Besides saving the buyer from a huge tax burden coming in the guise of capital gains, the instrument offers
maximum immunity and flexibility in reinvesting the money gained from the sale in a replacement property
within a given period.


The exchange being time-bound is no kid’s play either. In every exchange of this kind, Qualified
Intermediaries (QI) plays a crucial role connecting the buyer and seller. The Federal Tax Code makes
service of QI mandatory since 1991 in any exchange.


The federal nature of the 1031 Exchange regulations make the Qualified Intermediary play a wizard in
guiding and structuring the exchange, satisfying all parameters and suiting the goals of the clients. It is the
QI who does the paperwork required by the IRS to document the exchange. The QI carefully prepares all
documents and serves the parties with copies of the exchange agreement, novation agreement and escrow
instructions.


The Exchange Agreement reads like a contract between the Exchanger and a Qualified Intermediary. The
Exchanger explicitly agrees to transfer his old property to the Intermediary, in lieu of a new property to be
supplied by the latter within 180 days.
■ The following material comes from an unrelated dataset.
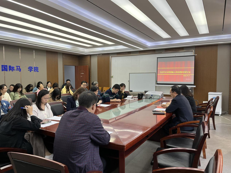 思政课各教学部代表夏艳梅、肖洋、陈蕊、余志涛、王铮、陈翠翠、陈婧等教师结合自己所承担的思政课程,就习近平文化思想生成的实践基础、“两个结合”的理论和现实意义、构建中国特色哲学社会科学、培育和践行社会主义核心价值观、习近平文化思想与教材内容的结合、未来相关科研的选题方向等方面展开了热烈的讨论和深入的交流。

The contract outlines all terms and conditions under which the
exchange of properties should take place.


For a 1031 Exchange to take effect, both the old property as well as the new property should be in the
category of investment property, capable of generating income. The examples could be rental property, bare
land, vacation homes or more.


As soon as the old property is sold, within 45 days the seller has to come out with a list containing two or
three probable properties fit for replacement. And the whole process of purchasing the new property or
replacement property from the list must be over in a period of 180 days.


The exchange becomes bona-fide only when the title stays intact and whosoever held title to the old
relinquished property gets the title of the new property.


In between the sale and purchase of property, the seller of the old property would get no access to the money
he accrued from the sale, as the money will be vested with the ‘Qualified Intermediary’ till the exchange
gets over.


This 1031 Exchange process has matured and had many names in the past including Like Kind Exchange,
Deferred or Delayed Exchange, Simultaneous or Concurrent Exchange, Starker Trust or Exchange, Alderson
Exchange, Reverse Exchange, Two, Three, or Four Party Exchange and Baird Exchange.